Main ideas / lessons
- Learning Python should be about more than syntax: knowing Python is useful, but the real career value is becoming a problem-solver who can apply Python in different contexts (back-end, AI/ML, tooling, etc.).
- Python is a key gateway for high-demand areas: especially AI and machine learning, and for many technical jobs overall.
- Don’t expect quick completion: Python is a skill you build over your entire career, not something finished in “6 months.”
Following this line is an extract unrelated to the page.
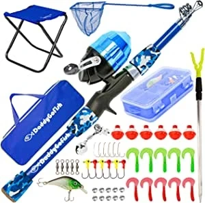 DaddyGoFish Kids Fishing Pole – Telescopic Rod & Reel Combo with Collapsible Chair, Rod Holder, Tackle Box, Bait Net and Carry Bag for Boys and Girls

- Understand context in the software lifecycle: Python fits into bigger systems—e.g. for AI: training + where the model lives; for back-end: frameworks (Flask/FastAPI) + cloud/containerization + front-end/back-end.
- Choose one strong learning path: use one long-form course to cover fundamentals thoroughly rather than mixing many sources.
- Practice problem-solving through discomfort: when you feel stuck or want to distract yourself, lean into that discomfort (with a structured approach like Pomodoro) to train your problem-solving ability.
- Use AI as a tutor, not a replacement: ask specific questions to learn concepts (e.g., decorators, loops), but don’t outsource your thinking or let it solve the project for you.
- Build iteratively: after learning basics, do guided practice and visualization, then move into increasingly real projects and eventually product-building.
Methodology / step-by-step learning plan (detailed)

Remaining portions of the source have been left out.